On January 26 and February 11, 2015, three complete SRVs and five SRV pilot assemblies, removed during RE28 in the Fall of 2014, were as-found tested at National Technical Systems Laboratories, formerly Wyle Laboratories.

The pressure setpoint for SRV pilot assembly serial number 385 is 1090 psig. The TS SR 3.4.3.1 as-found limit of acceptance is 1090 +/- 3%. The first actual lift pressure of this SRV pilot assembly was recorded as 1124 psig, 3.119% above the pressure setpoint. For informational purposes, the technicians performed a second and third lift. The results were 1087 psig and 1087 psig, both within 3% of the pressure setpoint.

The pressure setpoint for SRV pilot assembly serial number 386 is 1100 psig. The TS SR 3.4.3.1 as-found limit of acceptance is 1100 +/- 3%. The first actual lift pressure of SRV number 386 was 1192 psig, 8.36% above the pressure setpoint. A second and third lift was performed and the results were 1108 psig and 1112 psig, both within 3% of the pressure setpoint.

The pressure setpoint for SRV pilot assembly serial number 1242 is 1090 psig. The TS SR 3.4.3.1 as found limit of acceptance is 1090 +/- 3%. The first actual lift pressure of this SRV pilot assembly was recorded as 1267.7 psig, 16.24% above the pressure setpoint. The results of a second and third lift were 1091 psig and 1090 psig, both meeting the pressure setpoint.
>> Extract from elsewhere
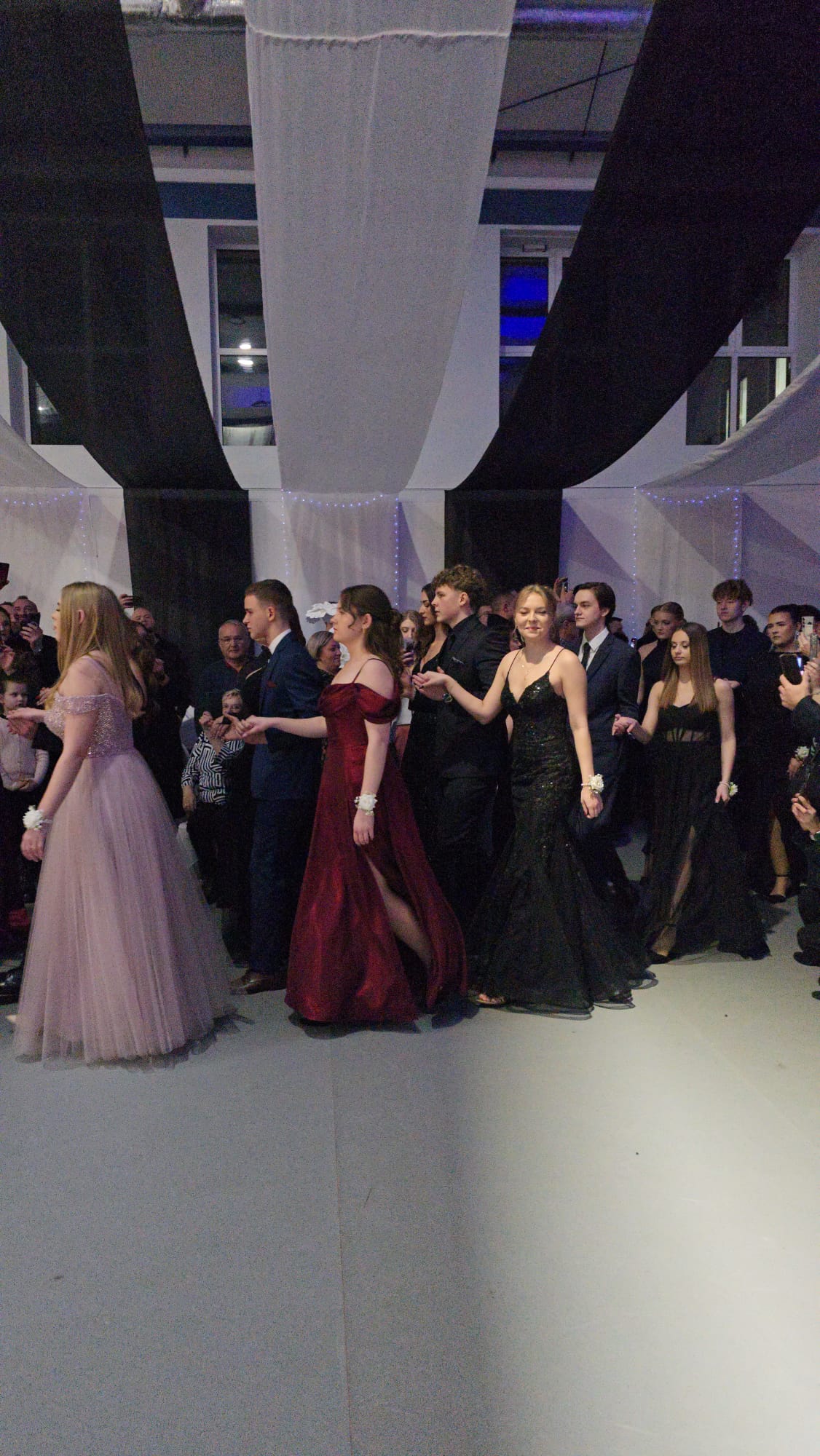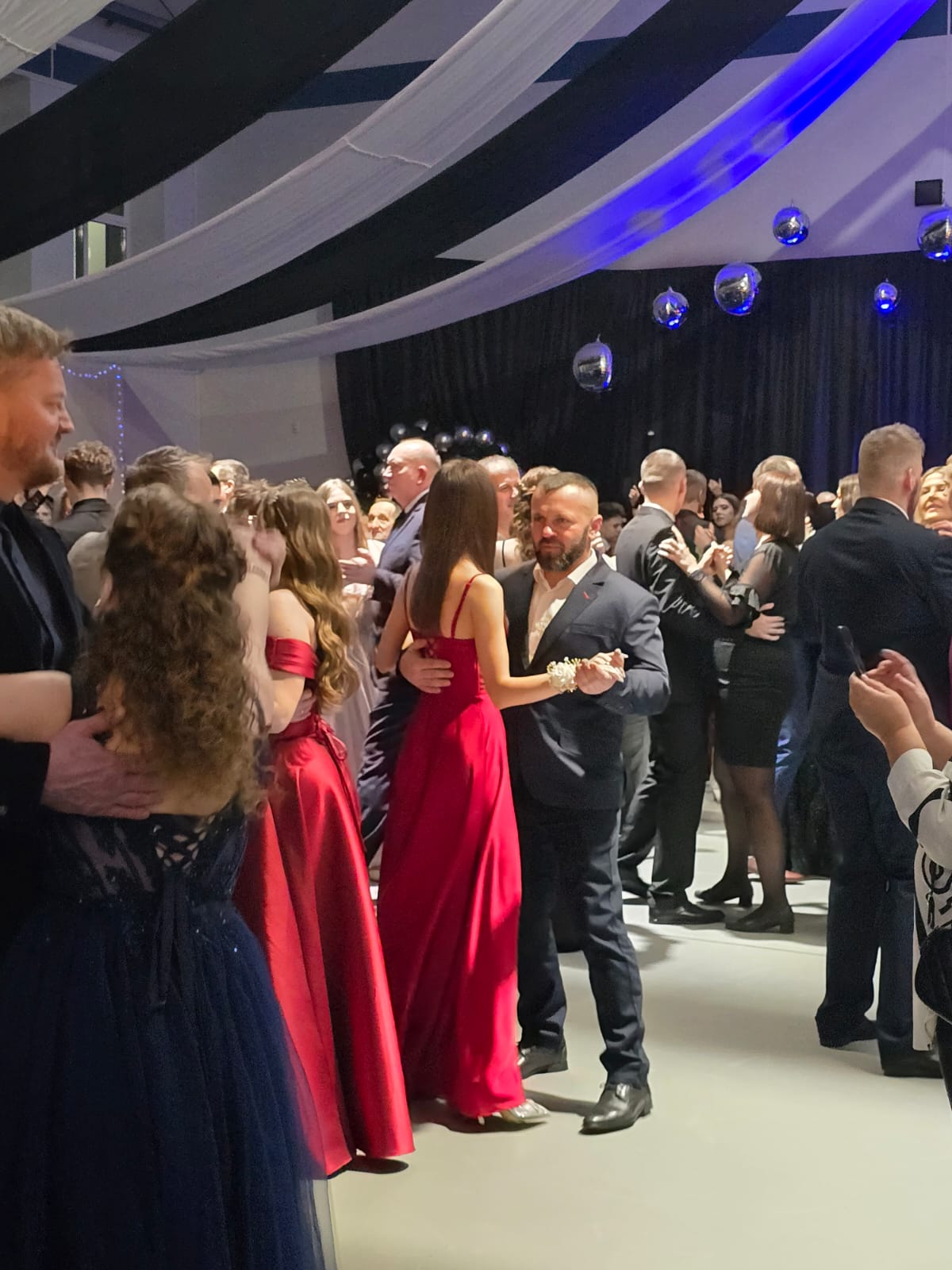 Bal rozpoczął się tradycyjnym polonezem, po którym nadszedł czas na podziękowania. Eleganckie stroje, dobra muzyka i radosna atmosfera sprawiły, że wieczór na długo pozostanie w pamięci uczestników. Studniówka była nie tylko okazją do zabawy, ale także momentem refleksji przed zbliżającym się ważnym etapem edukacji.

After this failure, testing was halted in order to verify testing accuracy. Testing was found to be the same as used in years past, and testing resumed on February 10 and February 11 for the remaining five SRVs.

The TS SR 3.4.3.1 as-found limit of acceptance for SRV pilot assembly serial number 1243 is 1100 psig +/- 3%. The first actual lift pressure of this SRV pilot assembly was recorded as 1139 psig, 3.545% above the pressure point. For informational purposes, a second and third lift was performed. The results were 1112psig and 1105 psig, both meeting the pressure setpoint.

SRV pilot assembly serial number 1241 was tested. The TS SR 3.4.3.1 as-found limit of acceptance is 1090 psig +/- 3%. The first actual lift pressure of this SRV pilot assembly was recorded as 1138 psig, 4.404% above the pressure point. A second and third lift was performed. The results were 1106 and 1092 psig, both meeting the pressure setpoint.

BASIS FOR REPORT

CNS is reporting this event as an operation or condition prohibited by plant TS per 10 CFR

50.73(a)(2)(i)(B), and also as a condition that could have prevented the fulfillment of the safety function of structures or systems as defined under 10 CFR 50.73(a)(2)(v).

An existing engineering analysis demonstrated that the reactor vessel would not be challenged during an overpressure event. In addition, a new analysis determined that the existing Minimum Critical Power Ratio (MCPR) operating limit would have protected the MCPR safety limit in the event of an anticipated operational occurrence. As such, this event will not be counted as a Safety System Functional Failure for the Nuclear Regulatory Commission performance indicator since no loss of safety function occurred.

SAFETY SIGNIFICANCE

Although the TS related to the set point lift pressures of the SRV pilot valve assemblies were exceeded, an analysis of this event indicates that the design basis pressures to ensure safety of the reactor vessel and its pressure related appurtenances would not be challenged. Public safety was not at risk. Safety to plant personnel and plant equipment were not at risk.

CAUSE

The direct cause of five of eight SRV pilot valves failing their lift tests is corrosion bonding.

CORRECTIVE ACTIONS

The following corrective actions have been entered into CNS' corrective action program:

1. CNS shall inspect the SRVs during disassembly to ensure there are no indications of binding, vibration, or other mechanical problems that might cause effects similar to that of corrosion bonding.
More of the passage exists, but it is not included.